## WORK ORDER
Your answer must be the lines from the top of the listing below through the line that holds "Душевая система Ramonsoler", retyped exactly, with no pictures.

## TASK MATERIAL
########################################
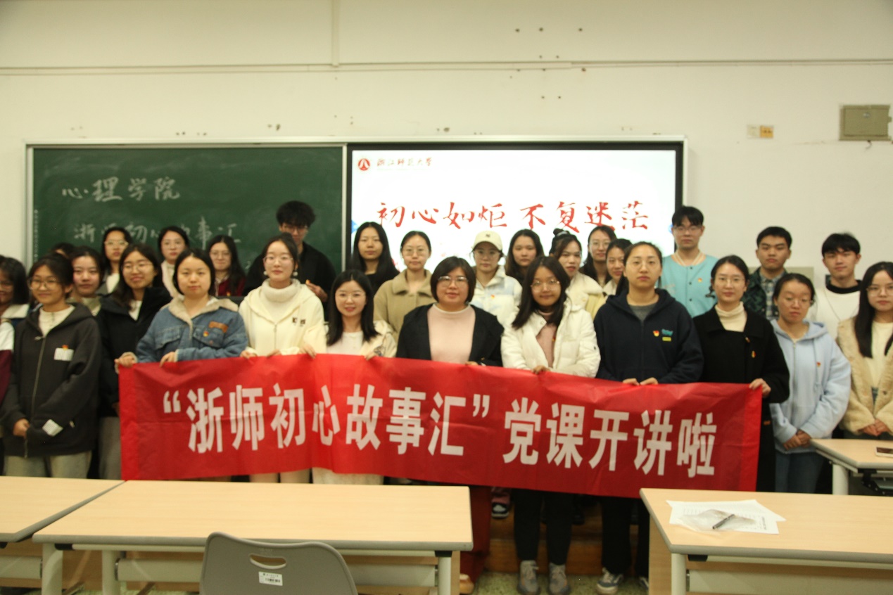 2023年11月15日,“浙师初心故事汇”永利23411第二讲于16幢103教室开讲,本次活动特邀永利23411副教授陈双老师代表青年党员教师与永利23411在读学生党员分享初心故事。
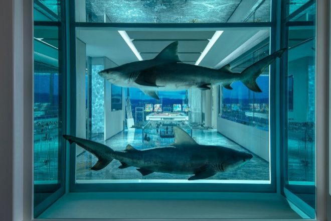Tiburones. Eso es lo que tiene esta suite. Sería posible comenzar describiendo la habitación de hotel más caro del mundo con cualquier otro de los detalles y objetos que pueblan los 800 metros cuadrados. Pero pocos impactan más que los dos ejemplares de escualos que se mantienen inmóviles en una vitrina al lado de un futbolín.
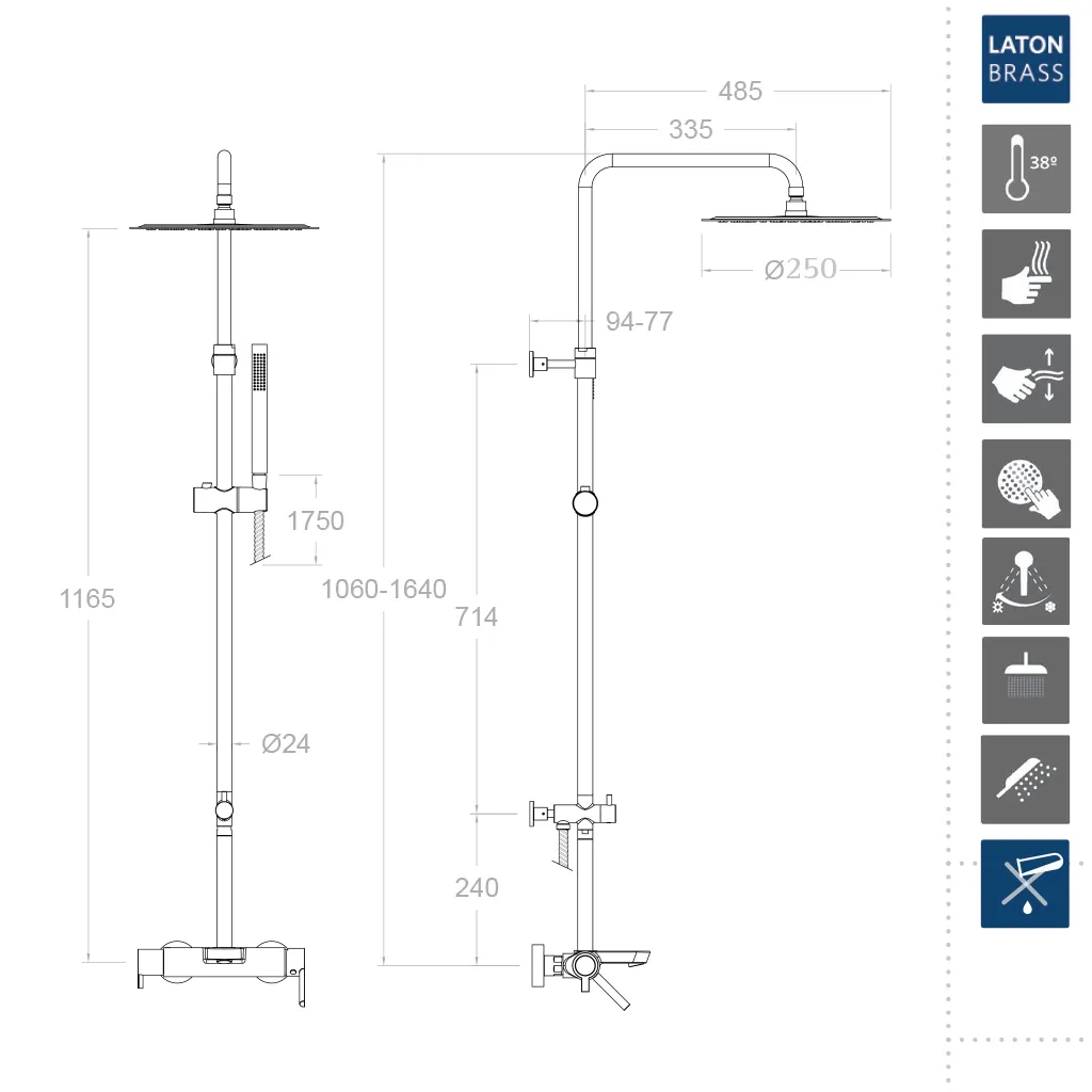 Душевая система Ramonsoler Drako термостатическая с изливом и с регулировкой высоты 335602RM250
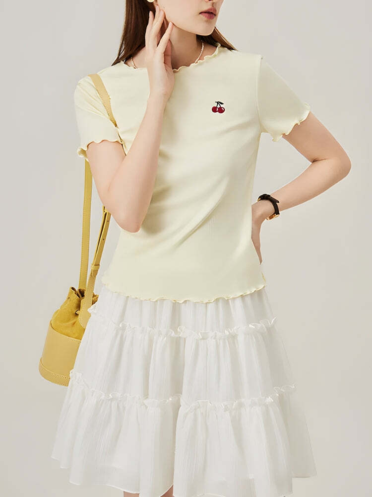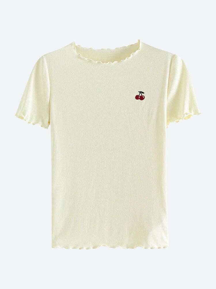 Soft Girl Cherry Lettuce Edge Tee High-quality product featuring dream clothes, spring outfit, date night outfit and more. Modern design that fits the latest trends. Premium materials ensure durability and comfort. Order now for special offers! Product designed with attention to every detail. Suitable for all occasions and personal styles.
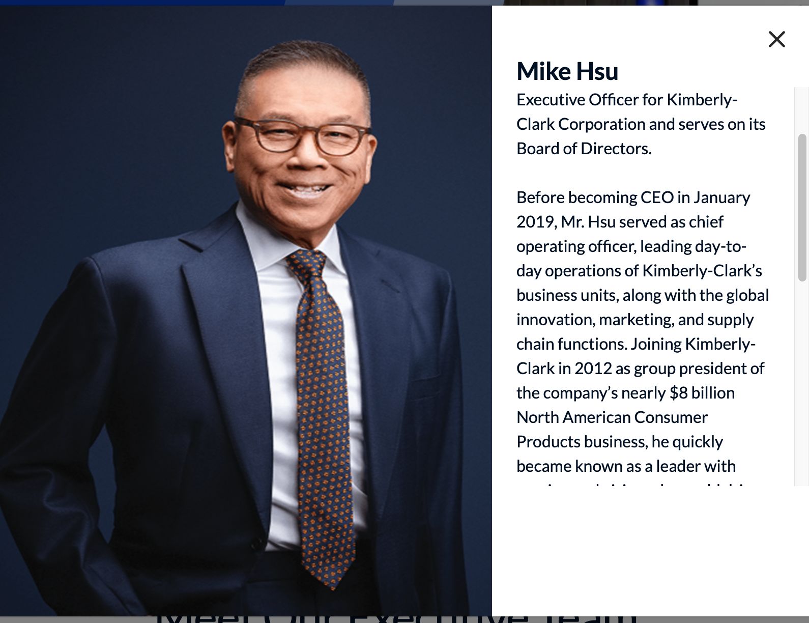 金佰利官网截图,金佰利董事长兼首席执行官Mike Hsu
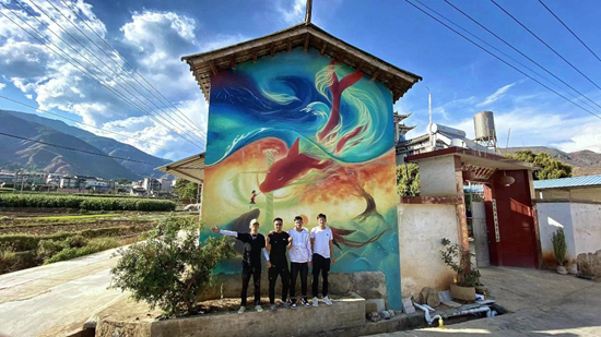 劉小備(左一)和團(tuán)隊(duì)伙伴在墻繪前合影。受訪者供圖
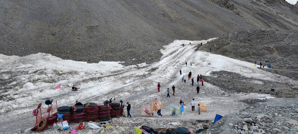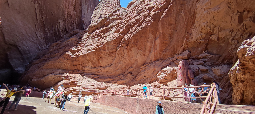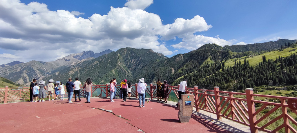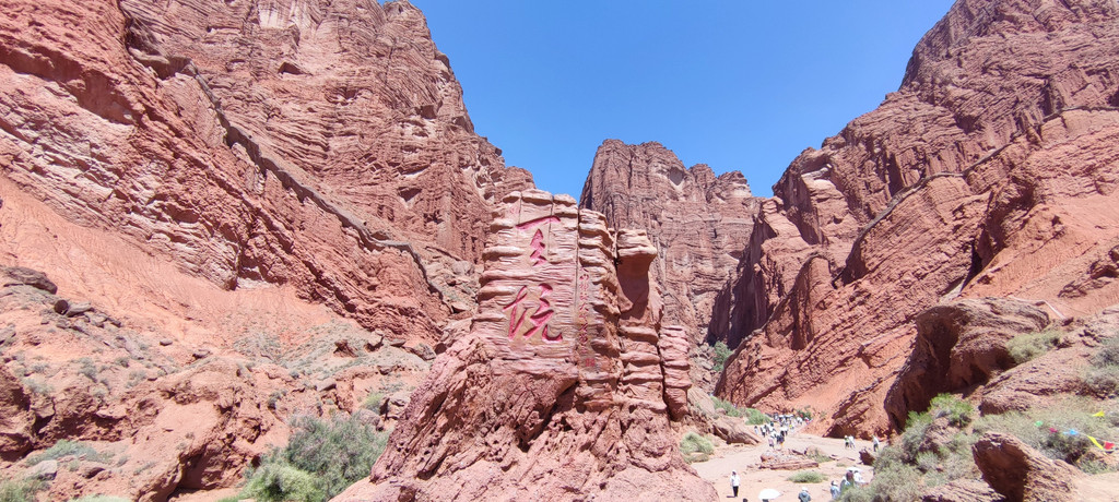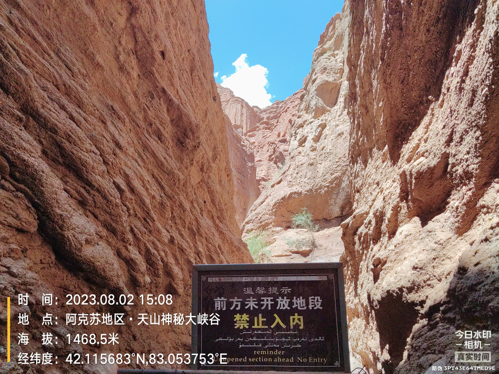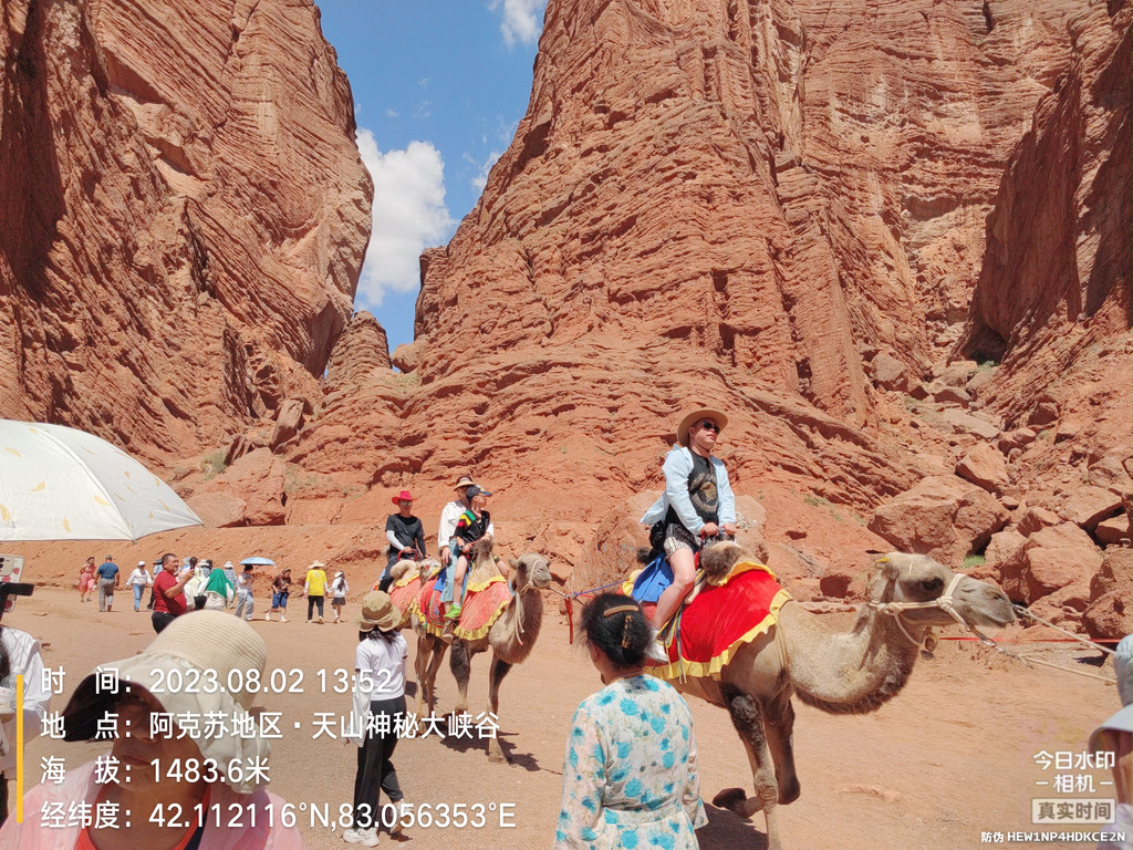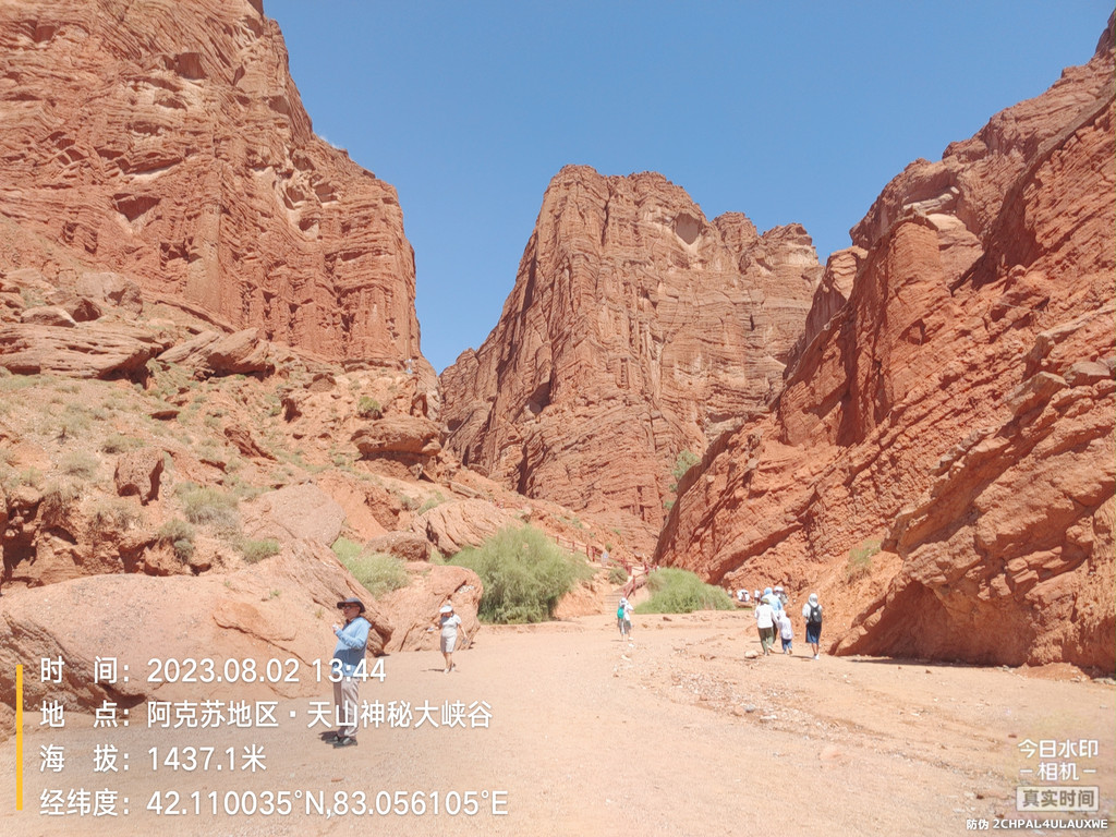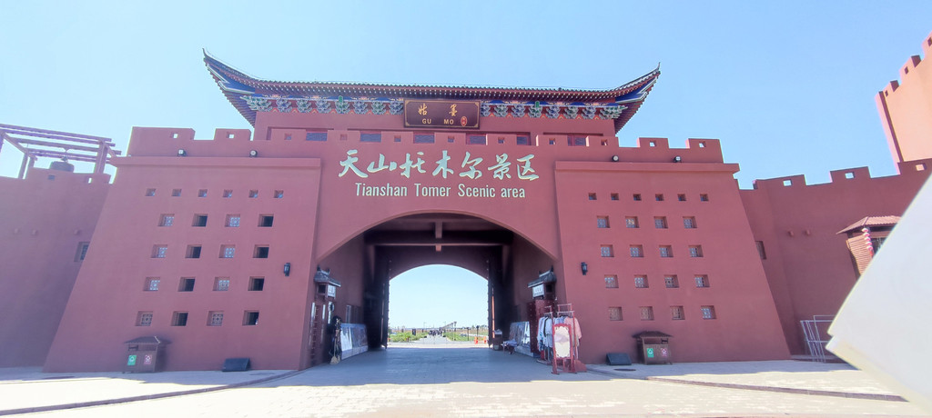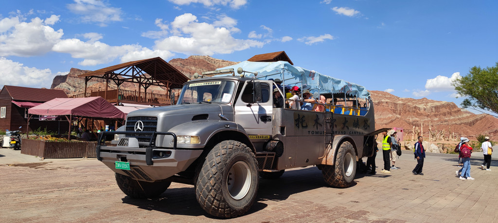 天山托木尔景区(温宿大峡谷)——生命之源。坐景区的区间车游览,区间车停靠几个站点,游客下车游览后,再排队坐区间车到下一站,区间车循环发车。
########################################
## RESULT
 2023年11月15日,“浙师初心故事汇”永利23411第二讲于16幢103教室开讲,本次活动特邀永利23411副教授陈双老师代表青年党员教师与永利23411在读学生党员分享初心故事。
Tiburones. Eso es lo que tiene esta suite. Sería posible comenzar describiendo la habitación de hotel más caro del mundo con cualquier otro de los detalles y objetos que pueblan los 800 metros cuadrados. Pero pocos impactan más que los dos ejemplares de escualos que se mantienen inmóviles en una vitrina al lado de un futbolín.
 Душевая система Ramonsoler Drako термостатическая с изливом и с регулировкой высоты 335602RM250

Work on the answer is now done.